How NVIDIA Builds Open Data for AI

A collaborative approach to scaling trustworthy AI systems and agents.

AI progress is usually framed when it comes to model capability and efficiency. In point of fact, every training pipeline ultimately rests on a knowledge layer that determines how those models behave.

As agentic systems change into more autonomous, the information they’re trained on increasingly determines what they know, how they reason, and what they will safely do. Yet much of today’s training data stays opaque, fragmented, or siloed across teams.

Open data access changes that equation. It gives developers a faster and less expensive path to constructing high-quality models, while making evaluation and improvement easier across the ecosystem. For this reason NVIDIA releases open datasets alongside its open models, tools, and training techniques.

AI-Data Bottlenecks

Constructing high-quality datasets stays one in every of the biggest bottlenecks in AI development. Organizations often spend hundreds of thousands of dollars and months—and even greater than a yr—collecting, annotating, and validating data before a single model training run begins. Even when models are deployed, access to domain expertise and evaluation frameworks stays an evergreen challenge.

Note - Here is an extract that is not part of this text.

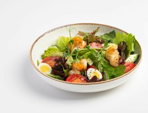 Смесь салатов, помидоры черри, свежие огурцы, отварные перепелиные яйца, жареные креветки (обжариваются на оливковом масле с тимьяном и чесноком).

NVIDIA goals to scale back this friction by publishing permissively licensed datasets on HuggingFace with training recipes and evaluation frameworks on GitHub that developers can construct on immediately. So far, we’ve shared greater than 2 petabytes of AI-ready training data across greater than 180 datasets and 650+ open models. And we’re just getting began.

Real-World Open Datasets

NVIDIA’s open data releases span multiple domains — from robotics and autonomous systems to sovereign AI, biology, and evaluation benchmarks. Built by teams across NVIDIA, these datasets reveal how shared data can speed up real-world AI development.

Listed here are a couple of examples from across our ecosystem:

Physical AI Collection

Robotics systems require structured, multimodal data. This collection includes 500K+ robotics trajectories, 57M grasps, and 15TB of multimodal data, including assets used to develop the NVIDIA GR00T reasoning vision-language-action model across multiple gripper types and sensor configurations. The dataset has been downloaded greater than 10 million times, including by corporations corresponding to Runway, which developed its recently released GWM-Robotics world model using the open GR00T dataset, and robotics simulation company Lightwheel, which is using the dataset to refine robotics policies.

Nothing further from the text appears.